═════ DATA ═════
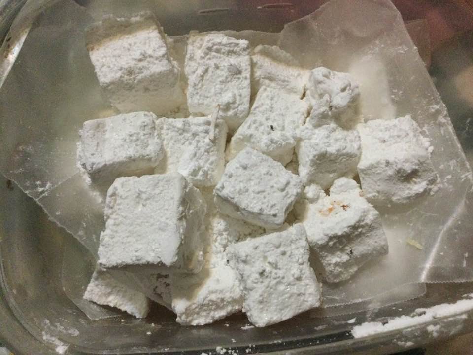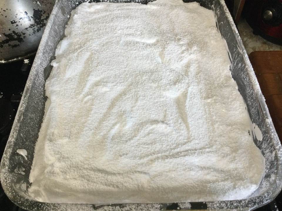 While it beats, put a decent amount of powdered sugar in 9×13 glass pan; very thick, thick sprinkle to well coat the entire inside of the pan is best. Maybe a ¼ inch thick. Pour hot sticky mixture into it. Smooth top with wet hands. Sprinkle with more powdered sugar. Let stand 8-12 hours. Longer is better.
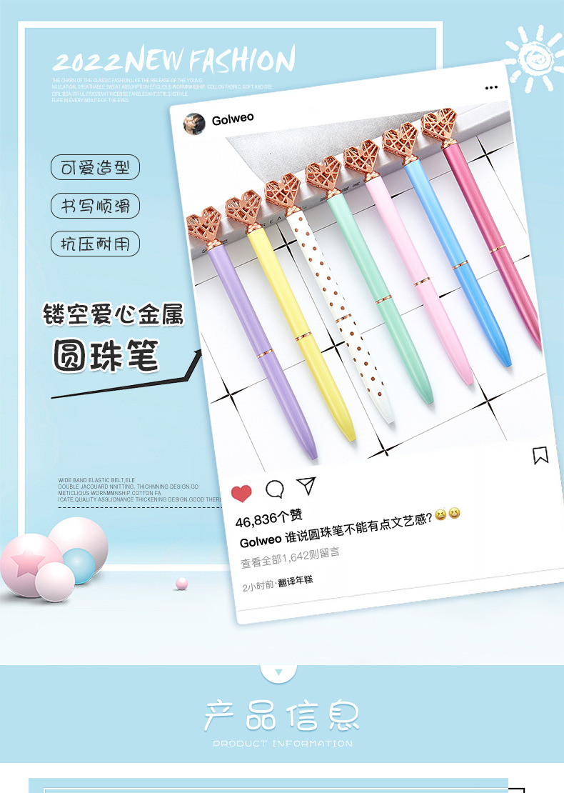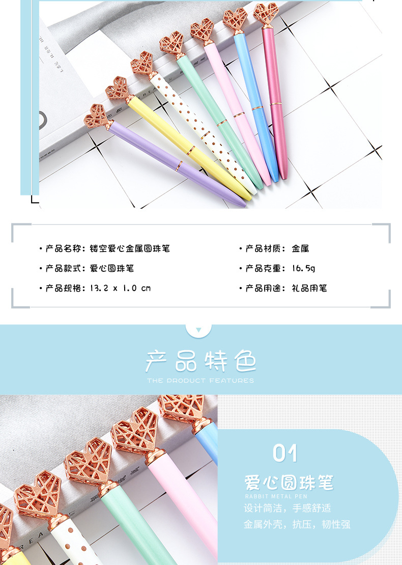 خودکار قلب طلایی فلزی
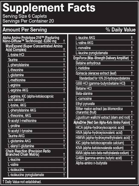 Alpha amino prototype 216 от компании MuscleTech – это мощнейшая аминокислотная добавка, разработанная с учетом последних технологий в области спортивного питания. Первыми эту новинку испробовали профессиональные атлеты и оказались удивлены его результатом, благодаря чему Alpha amino prototype 216 стал пользоваться сумасшедшим спросом. Причина такого мощного действия кроется в высоком анаболическом действии компонентов и их способности увеличивать синтез белка внутри мышечных волокон.
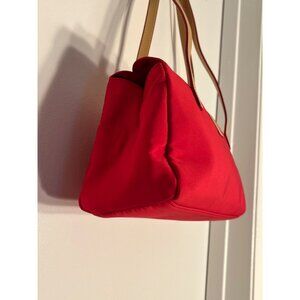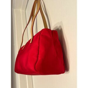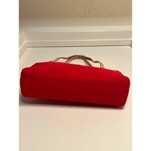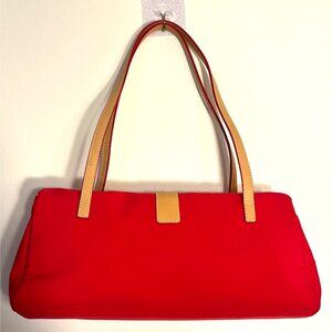 Lauren Ralph Lauren True Red Nylon Pochette Shoulder Bag Tan Straps Logo Buckle
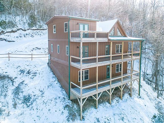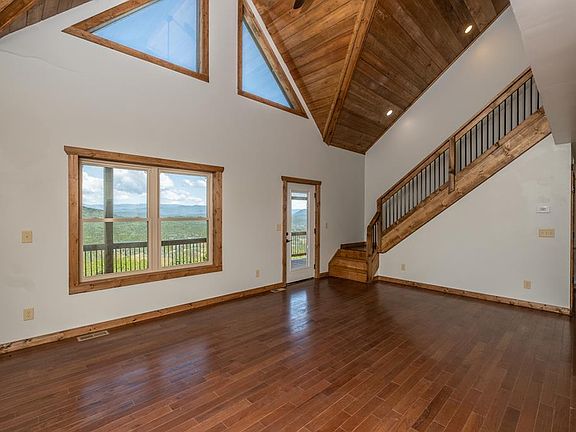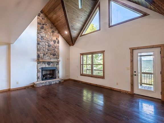 You'll feel like you are on top of the world in this stunning NEW CONSTRUCTION 3-bedroom, 3-bathroom chalet with unparalleled LONG-RANGE MOUNTAIN VIEWS. On nearly 3 acres in a gated mountaintop community, and with three expansive levels of decking, you can soak in the million-dollar views from every angle, whether you're sipping your morning coffee or hosting an evening gathering. As you approach, a gravel driveway leads to your welcoming front porch. Step inside and you'll be greeted by a magnificent Great Room with soaring vaulted ceilings, grand chalet windows that flood the space with natural light, and gorgeous wood floors that flow throughout the home. A floor-to-ceiling rock fireplace creates a cozy, rustic ambiance perfect for cool mountain evenings. Adjacent to the Great Room, the well-appointed kitchen has lots of cabinets, sleek granite counters, and a large center island. The main floor also features a comfortable bedroom, a full bathroom, and a convenient laundry area. Upstairs, the spacious open loft offers additional living or work-from-home space. The Master Suite is a true retreat, with private access to your own deck where you can unwind and admire the breathtaking views. The en-suite Master Bath features a beautifully designed layout with modern fixtures, while the generous walk-in closet provides ample storage. The finished lower level offers even more versatile living space, including a large open room that can serve as a family room, game room, or entertainment area. This level also houses an additional bedroom and bathroom, making it perfect for guests or family members seeking privacy. The mechanical room is conveniently located in the lower level as well. This never-before-lived-in chalet is the perfect blend of luxury and tranquility. Its combination of rustic charm, modern amenities, and awe-inspiring views make it a one-of-a-kind mountain retreat. Come see this new home and make it yours today!
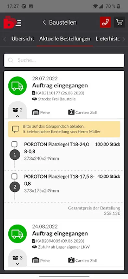 The background of the functions is to facilitate communication with employees of Baustoff Brandes GmbH. By providing information in both directions, many questions do not even arise. If there is still a need for clarification, the app offers you various options for getting in touch with your personal contact person.
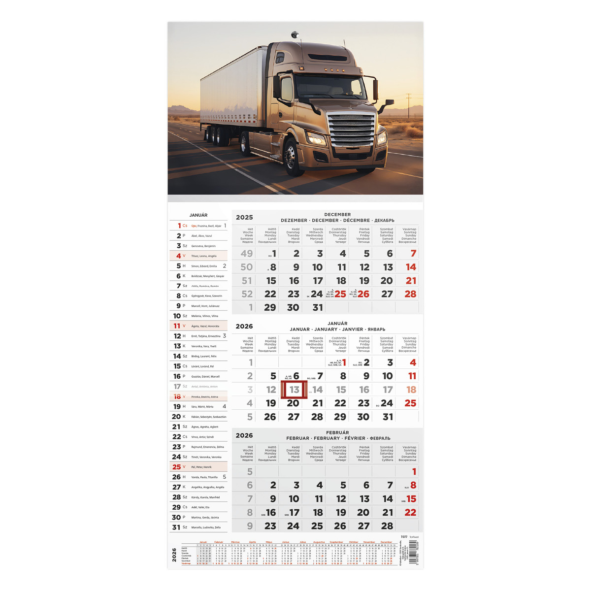 T077, 1 tömbből álló 3 havi speditőr naptár - Kamion fejrésszel
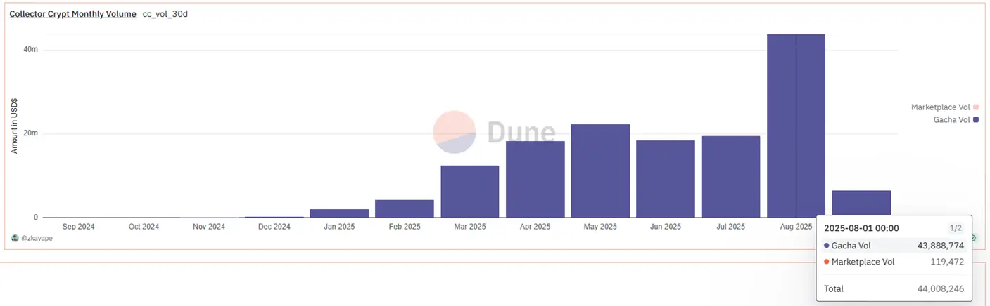 在 Collector Crypt 的月度总销售额柱状图上,来自卡片交易市场的份额几乎是完全看不到
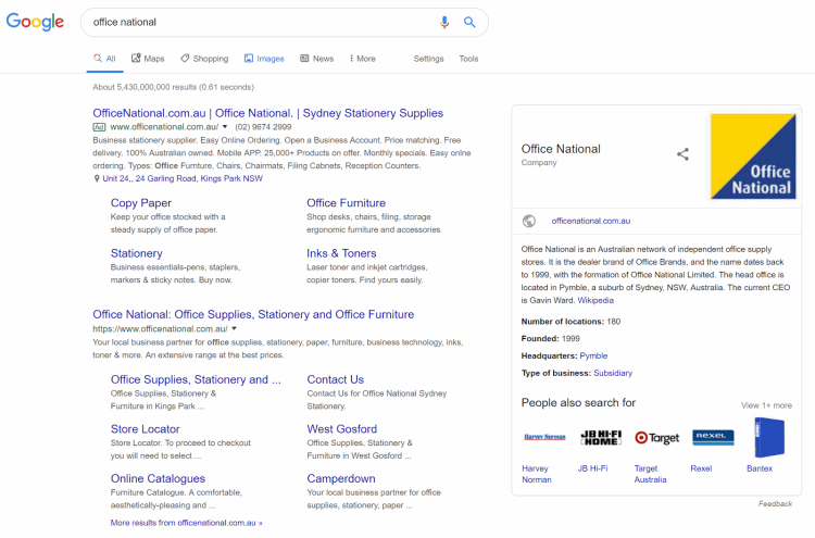 Organization – Organization structured data helps to enhance brand presence by populating the knowledge panel area to the right of the search results with company information. Having the knowledge panel populated increases not only click-through but also user trust – often only noteworthy organizations have this field.
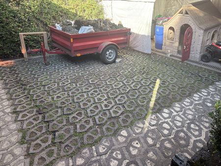 Bodega amplia al fondo del jardín.
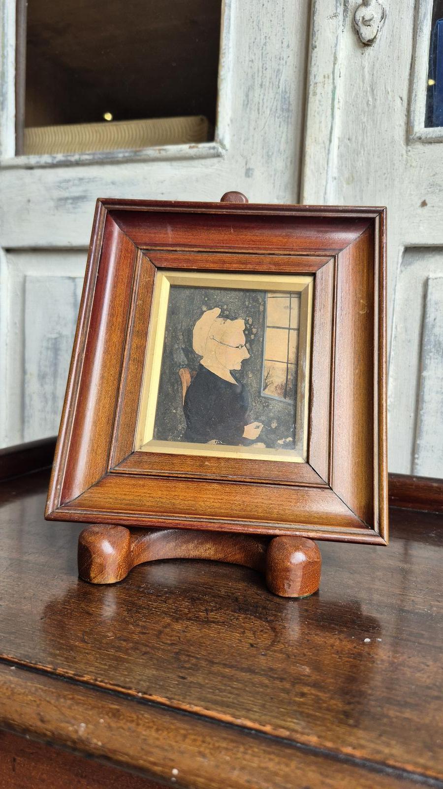 The piece is housed in a later, well-made wooden frame with a warm, polished finish that complements the tones of the artwork.
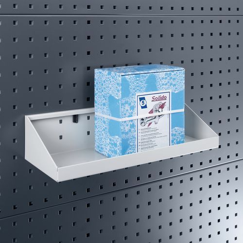 Pratico ripiano per i vostri componenti da officina. Modello robusto spesso 6 mm. Fissate il supporto in un attimo con le clip di sicurezza in plastica.
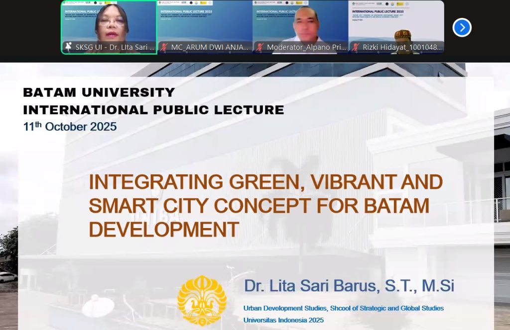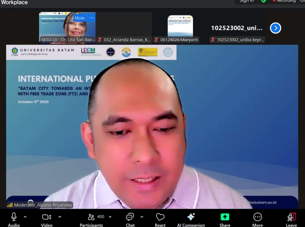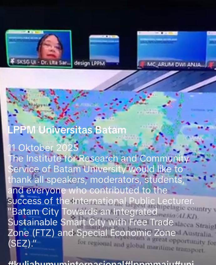 BATAM, 11 Oktober 2025 — Universitas Batam (UNIBA) melalui Lembaga Penelitian dan Pengabdian kepada Masyarakat (LPPM) menyelenggarakan International Public Lecture bertajuk “Batam City Towards an Integrated Sustainable Smart City with Free Trade Zone (FTZ) and Special Economic Zone (SEZ)” secara daring melalui platform Zoom Meeting.
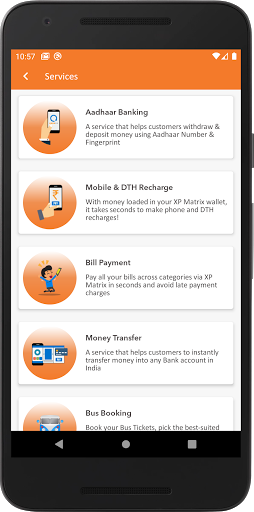 · Download the XP Matrix app now and start Domestic Money Transfer Bus Booking, Insurance, Mobile & DTH Recharge, Bill Payments, & financial services like Aadhaar ATM, perform at your retail Outlet
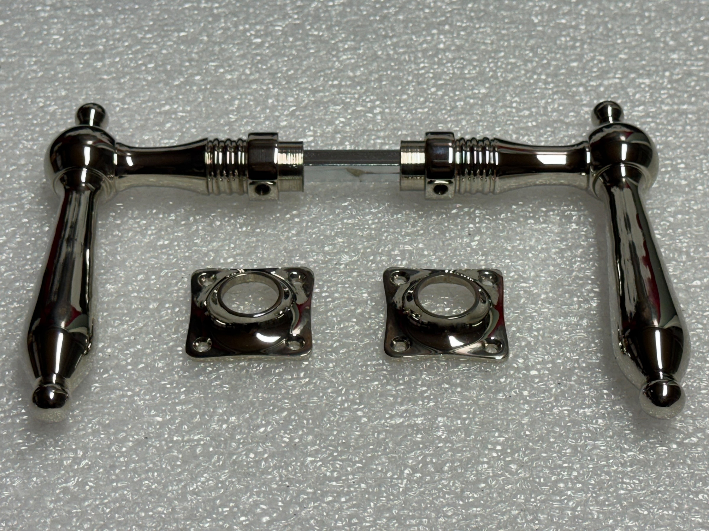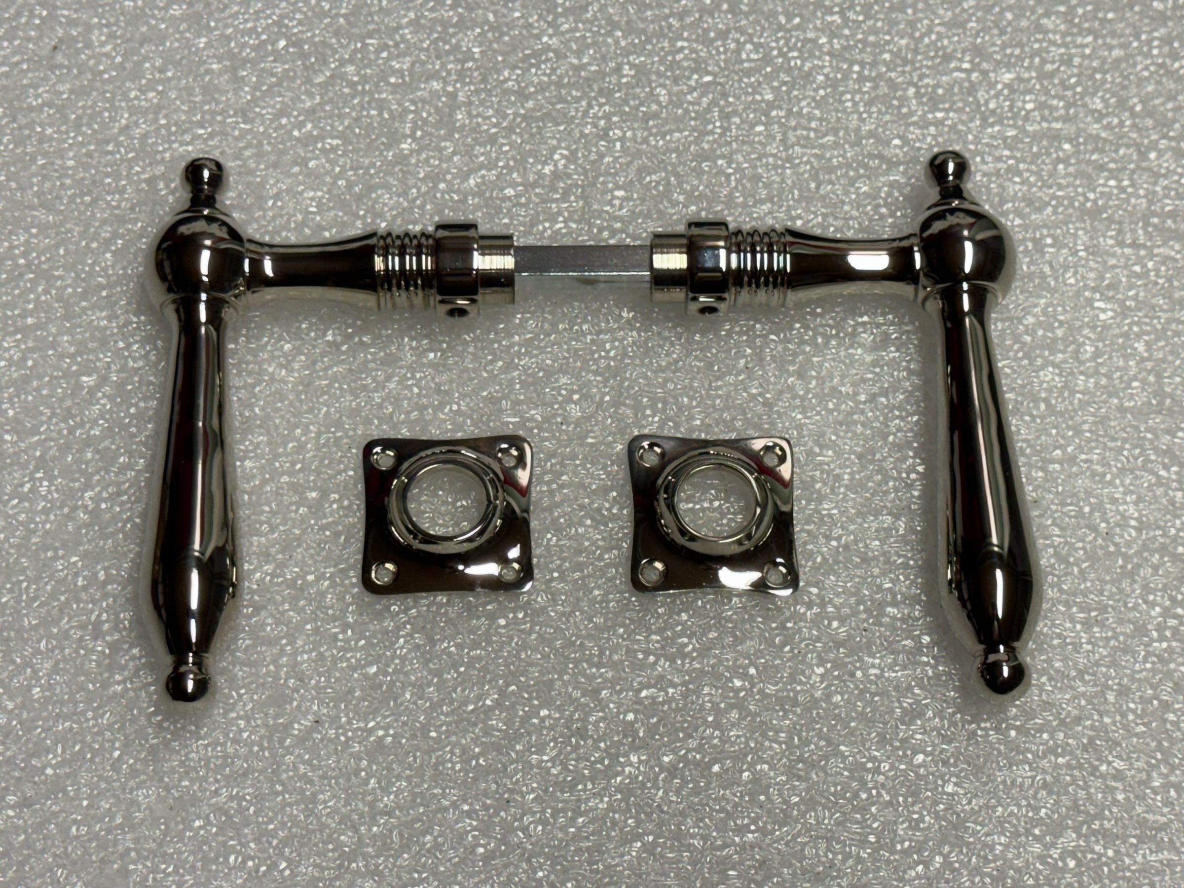 Deurbeslag set – nikkel chroom – glanzende klinken en rozetten.
═════
**PROBLEM REQUIREMENTS**
Give again, word for word, every line from the top of the entries above to the line holding "Lauren Ralph Lauren", both included. Leave the pictures out.

**EXPECTED OUTPUT**
 While it beats, put a decent amount of powdered sugar in 9×13 glass pan; very thick, thick sprinkle to well coat the entire inside of the pan is best. Maybe a ¼ inch thick. Pour hot sticky mixture into it. Smooth top with wet hands. Sprinkle with more powdered sugar. Let stand 8-12 hours. Longer is better.
 خودکار قلب طلایی فلزی
 Alpha amino prototype 216 от компании MuscleTech – это мощнейшая аминокислотная добавка, разработанная с учетом последних технологий в области спортивного питания. Первыми эту новинку испробовали профессиональные атлеты и оказались удивлены его результатом, благодаря чему Alpha amino prototype 216 стал пользоваться сумасшедшим спросом. Причина такого мощного действия кроется в высоком анаболическом действии компонентов и их способности увеличивать синтез белка внутри мышечных волокон.
 Lauren Ralph Lauren True Red Nylon Pochette Shoulder Bag Tan Straps Logo Buckle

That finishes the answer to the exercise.